> **WORKING DATA**
+ + + + +

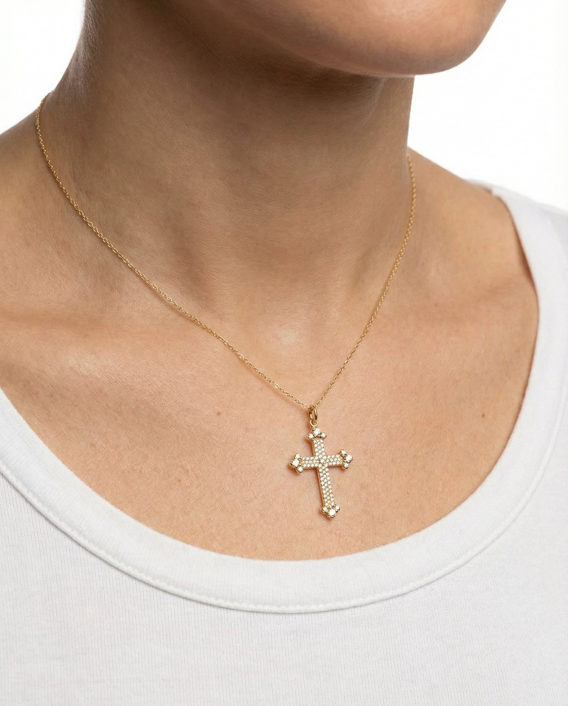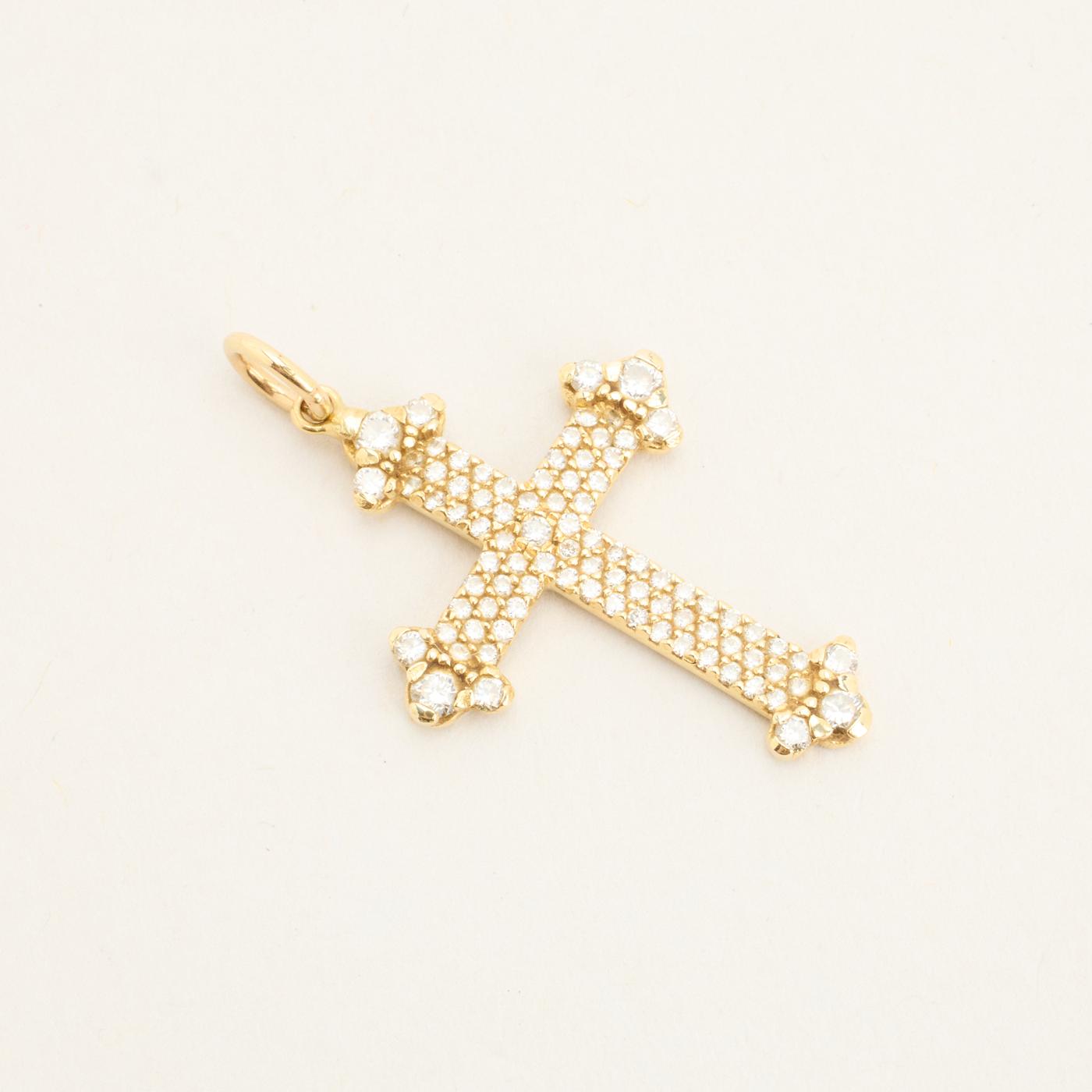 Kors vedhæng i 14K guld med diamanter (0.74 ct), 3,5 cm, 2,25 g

+ + + + +

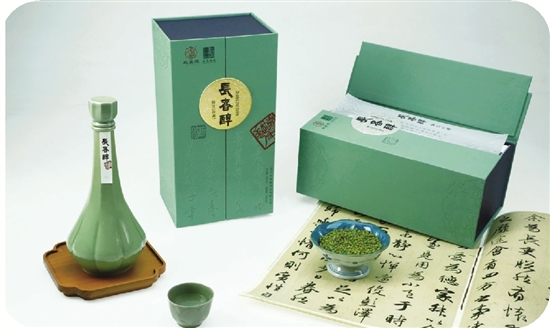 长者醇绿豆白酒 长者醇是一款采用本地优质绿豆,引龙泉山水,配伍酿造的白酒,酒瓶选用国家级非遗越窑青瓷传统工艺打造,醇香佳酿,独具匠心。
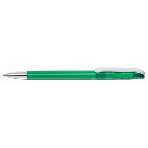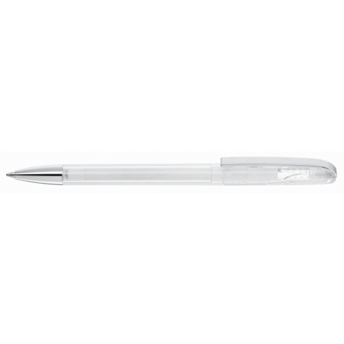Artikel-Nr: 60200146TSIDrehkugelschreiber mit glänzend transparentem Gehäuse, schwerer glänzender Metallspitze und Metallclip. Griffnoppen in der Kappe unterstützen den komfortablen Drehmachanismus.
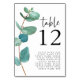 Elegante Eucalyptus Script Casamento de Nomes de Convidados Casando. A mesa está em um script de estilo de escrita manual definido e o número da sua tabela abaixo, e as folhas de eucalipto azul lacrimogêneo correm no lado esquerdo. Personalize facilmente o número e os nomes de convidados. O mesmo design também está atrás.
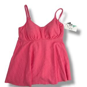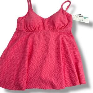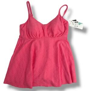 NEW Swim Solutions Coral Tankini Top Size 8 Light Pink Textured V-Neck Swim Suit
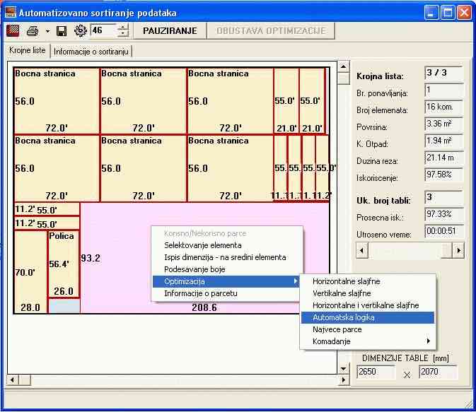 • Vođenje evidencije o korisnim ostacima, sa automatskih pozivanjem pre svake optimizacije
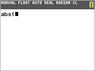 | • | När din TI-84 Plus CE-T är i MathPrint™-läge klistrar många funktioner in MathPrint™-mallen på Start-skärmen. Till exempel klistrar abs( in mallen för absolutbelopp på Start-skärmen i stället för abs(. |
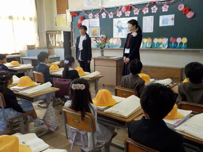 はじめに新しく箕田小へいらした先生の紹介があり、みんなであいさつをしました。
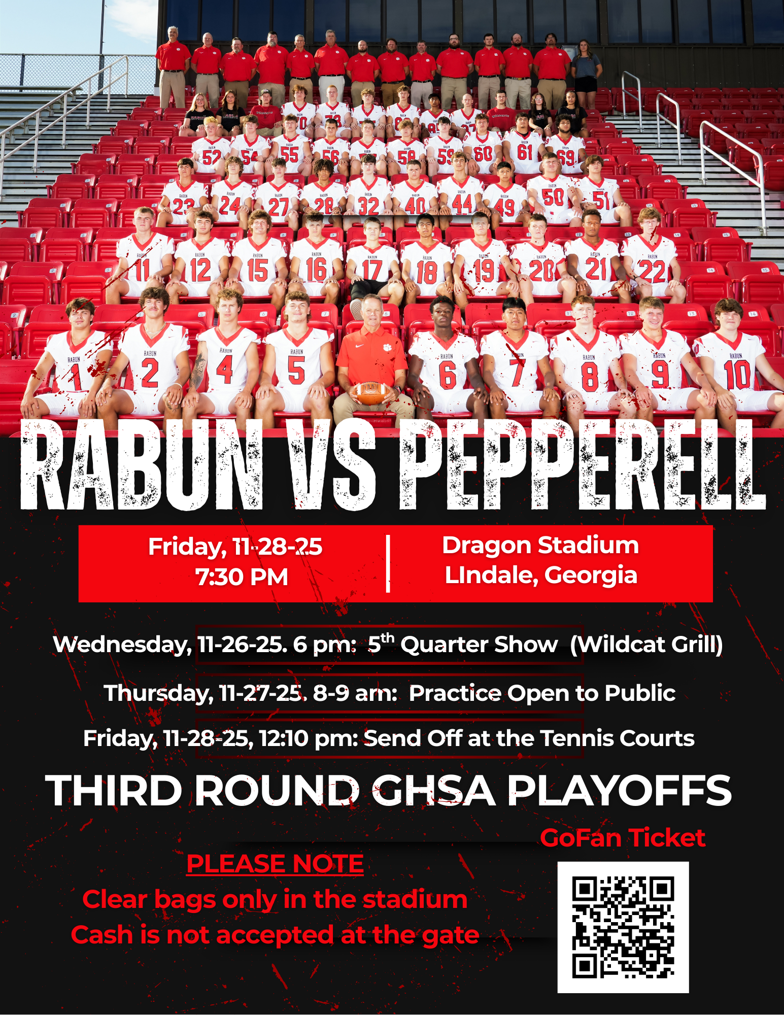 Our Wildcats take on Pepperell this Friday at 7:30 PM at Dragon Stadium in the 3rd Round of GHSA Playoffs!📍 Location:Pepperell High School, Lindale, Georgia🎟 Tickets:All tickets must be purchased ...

+ + + + +

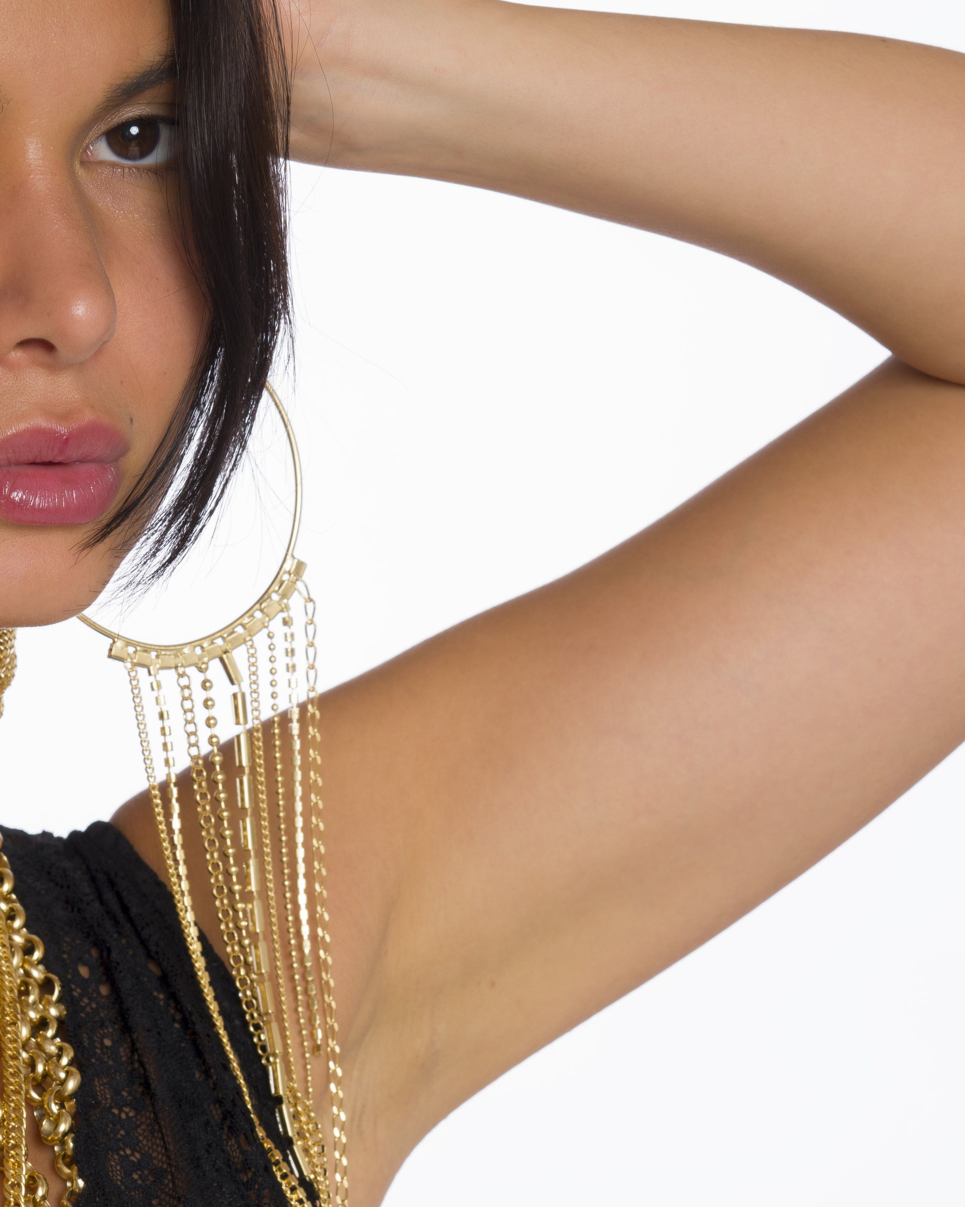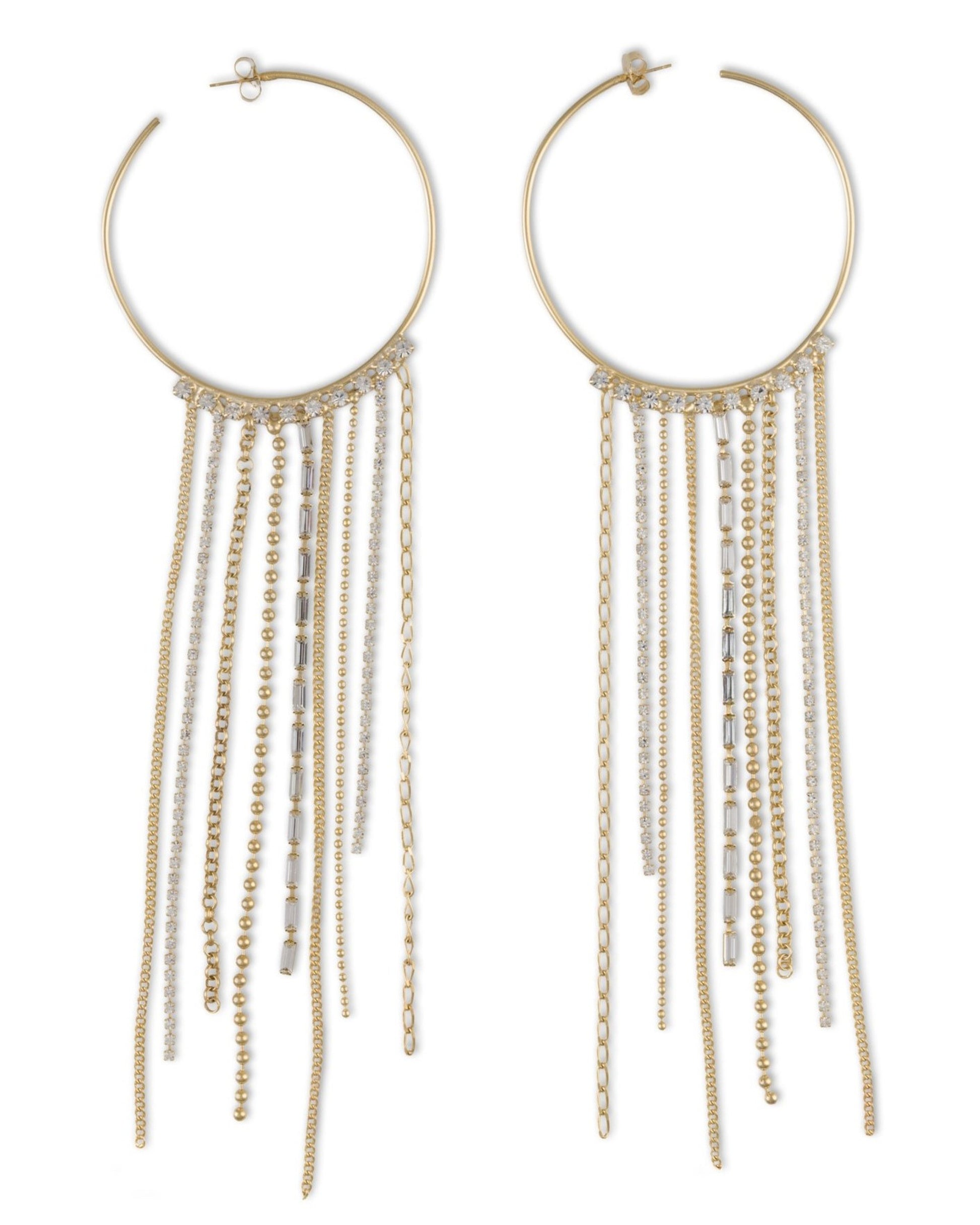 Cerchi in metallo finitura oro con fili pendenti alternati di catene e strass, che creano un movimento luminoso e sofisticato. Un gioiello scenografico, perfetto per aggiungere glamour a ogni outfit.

+ + + + +

> **EXERCISE**
All lines above starting at the one with "长者醇绿豆白酒 长者醇是一款" and ending at the one with "Artikel-Nr: 60200146TSIDrehkugelschreiber mit", inclusive, are to be printed again exactly, with the pictures left out.

> **RESULT OF THIS TASK**
 长者醇绿豆白酒 长者醇是一款采用本地优质绿豆,引龙泉山水,配伍酿造的白酒,酒瓶选用国家级非遗越窑青瓷传统工艺打造,醇香佳酿,独具匠心。
Artikel-Nr: 60200146TSIDrehkugelschreiber mit glänzend transparentem Gehäuse, schwerer glänzender Metallspitze und Metallclip. Griffnoppen in der Kappe unterstützen den komfortablen Drehmachanismus.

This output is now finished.